I bought my trolling motor batt and batt box. The batt box is a power center with a batt charge meter. The directions say not to hook up accessories that draw more than 30 amps to the external posts. I have a 40# thrust trolling motor. Should I hook up the trolling motor directly to the batt or can I use the external post? As of right now I only have the trolling motor but plan to add some lights and such later on.


----------



## Zum

I don't know for sure but normally people say 1amp per lbs thrust...approx.40amp at WOT.


----------



## kurtnjohnsboat

Anyone got anymore thoughts?


----------



## Captain Ahab

kurtnjohnsboat said:


> Anyone got anymore thoughts?



Contact the manufacturer with an email and they will tell you. Most have a specs plate on the motor or maybe go to the web site.

What brand, model motor?

Oh yeah, to be safe hook up the motor directly to the battery


----------



## RBuffordTJ

If you know the Voltage Rating on the motor, divide that number by the Ohms the moter is rated at and you will find the amps.

Most devices have those listed on them, or at the very least in the paperwork.


----------



## kurtnjohnsboat

Thanks all. Turns out 1 amp for each # is pretty darn accurate.


----------



## Hanr3

Are you sure about that?
My Minnkota requires a 60 amp breaker for a 30 amp motor. All electrical motors draw more amps during start up then when running.


----------



## Zum

Hanr3 said:


> Are you sure about that?
> My Minnkota requires a 60 amp breaker for a 30 amp motor.

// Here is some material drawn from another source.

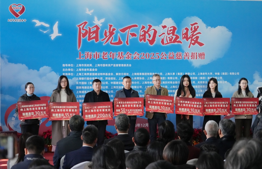 12月12日上昼,“阳光下的和蔼”上海市老年基金会公益慈善捐赠举止,在静安区宝华中心举行。
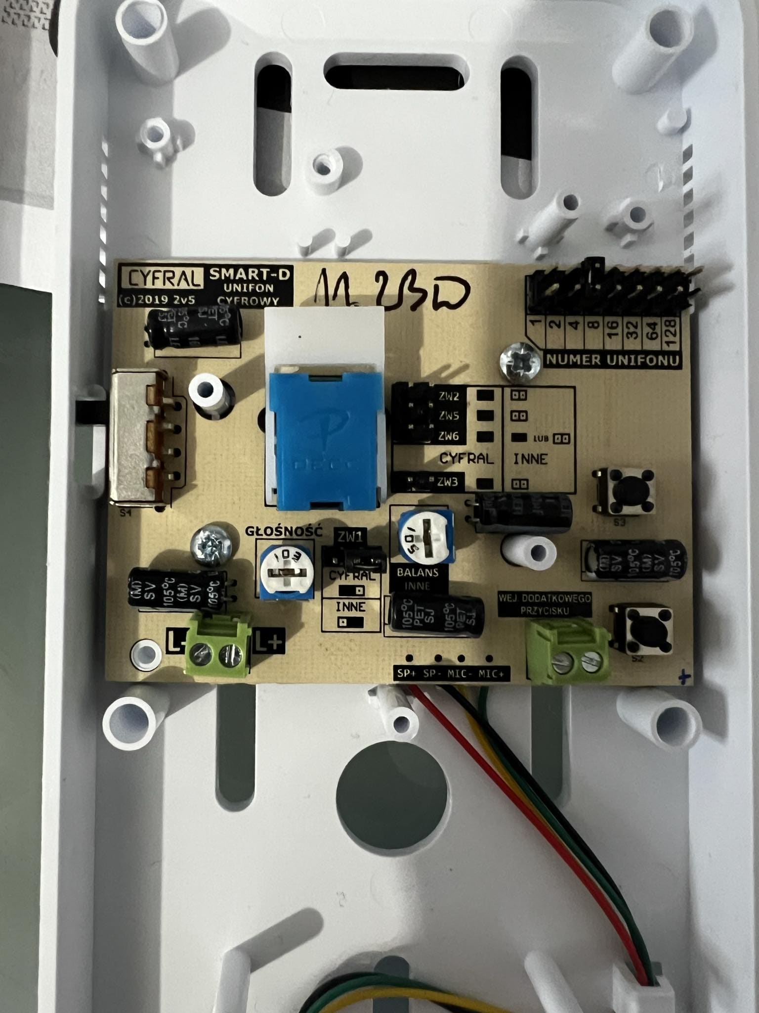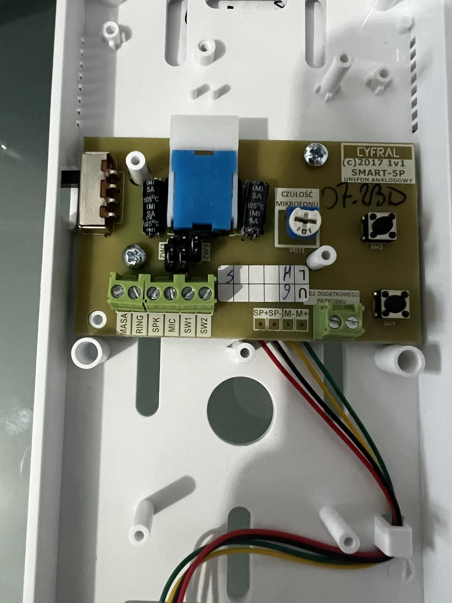 Методом проб и ошибок, а также, по средству снятия платы с корпуса я понял, что коричневый и зеленый провод (при смыкании открывают дверь подъезда) нужно подключить к SW1 и SW2.

All electrical motors draw more amps during start up then when running.


Do you mean 30lbs thrust TM?
They use alot less amps(especially the maximizers)at lower settings then full speed.
I wouldn't think it would ever draw 60 amps,suppose depends on wire size and such.
I've only ever googled it and 1 amp per pound thrust is said quite often for 12volt systems and when someone knows what their trolling motor is...it's normally in the ballpark.
Again not sure why your 30lber would take a bigger circuit breaker then a 40-55lbs trolling motor.
I use a 50amp for a 50lbs PD.


----------



## Hanr3

Zum said:


> Hanr3 said:
> 
> 
> 
> Are you sure about that?
> My Minnkota requires a 60 amp breaker for a 30 amp motor. All electrical motors draw more amps during start up then when running.
> 
> 
> 
> Do you mean 30lbs thrust TM?
> They use alot less amps(especially the maximizers)at lower settings then full speed.
> I wouldn't think it would ever draw 60 amps,suppose depends on wire size and such.
> I've only ever googled it and 1 amp per pound thrust is said quite often for 12volt systems and when someone knows what their trolling motor is...it's normally in the ballpark.
> Again not sure why your 30lber would take a bigger circuit breaker then a 40-55lbs trolling motor.
> I use a 50amp for a 50lbs PD.
Click to expand...


Ah yes, I stand corrected. Someone mark the calendar. lol
30 pound thrust.


----------